Re: [OMPI devel] PGI built Open MPI vs GNU built slurm

2016-07-25 Thread Gilles Gouaillardet

Paul,

in my environment, libslurm.la contains

# Linker flags that can not go in dependency_libs.
inherited_linker_flags=' -pthread'

# Libraries that this one depends upon.
dependency_libs=' -ldl -lpthread'


so bottom line, it invokes the compiler with both -pthread and -lpthread


iirc, -pthread does two things :

- invoke the compiler with -D_REENTRANT (so it uses the thread-safe 
errno and so on)


- invoke the linker with -lpthread

OpenMPI has its own way to pass -D_REENTRANT or similar anyway, and 
libslurm.la is used only for for linking.
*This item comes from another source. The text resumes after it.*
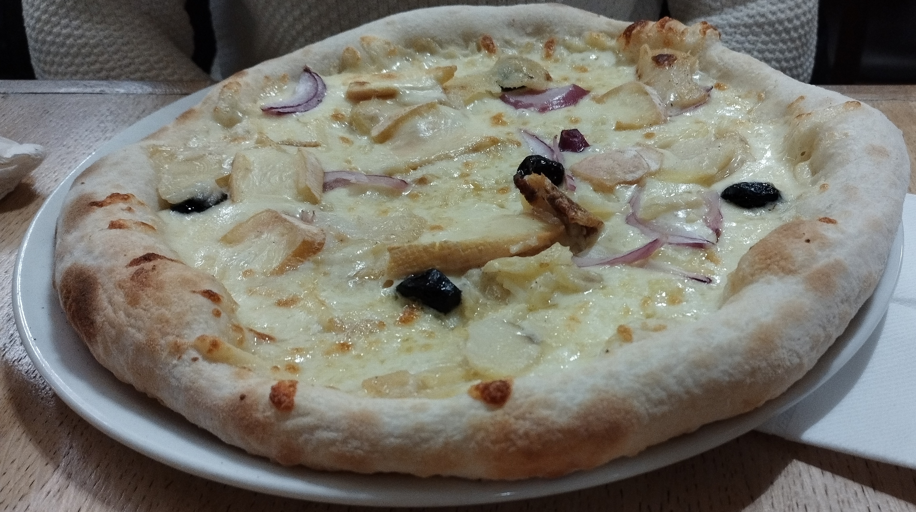 Personnels très accueillants et très beau restaurant. Nous avons pris deux pizze : une saumon et une quatre fromage. Elles étaient excellentes. Nous recommandons.

since -lpthread is pulled anyway from libslurm.la (or it was already set 
by OpenMPI), then yes, discarding -pthread should do the trick.



Cheers,


Gilles


On 7/26/2016 10:11 AM, Paul Hargrove wrote:

Gilles,

My initial thought is that libslurm probably does require linking 
libpthread, either for for linking pthread_* symbols, or for proper 
*operation* (such as thread-safe versions of functions which override 
weak definitions in libc).


If so, then neither omitting "-pthread" nor telling pgcc not to 
complain about "-pthread" is going to be a good solution.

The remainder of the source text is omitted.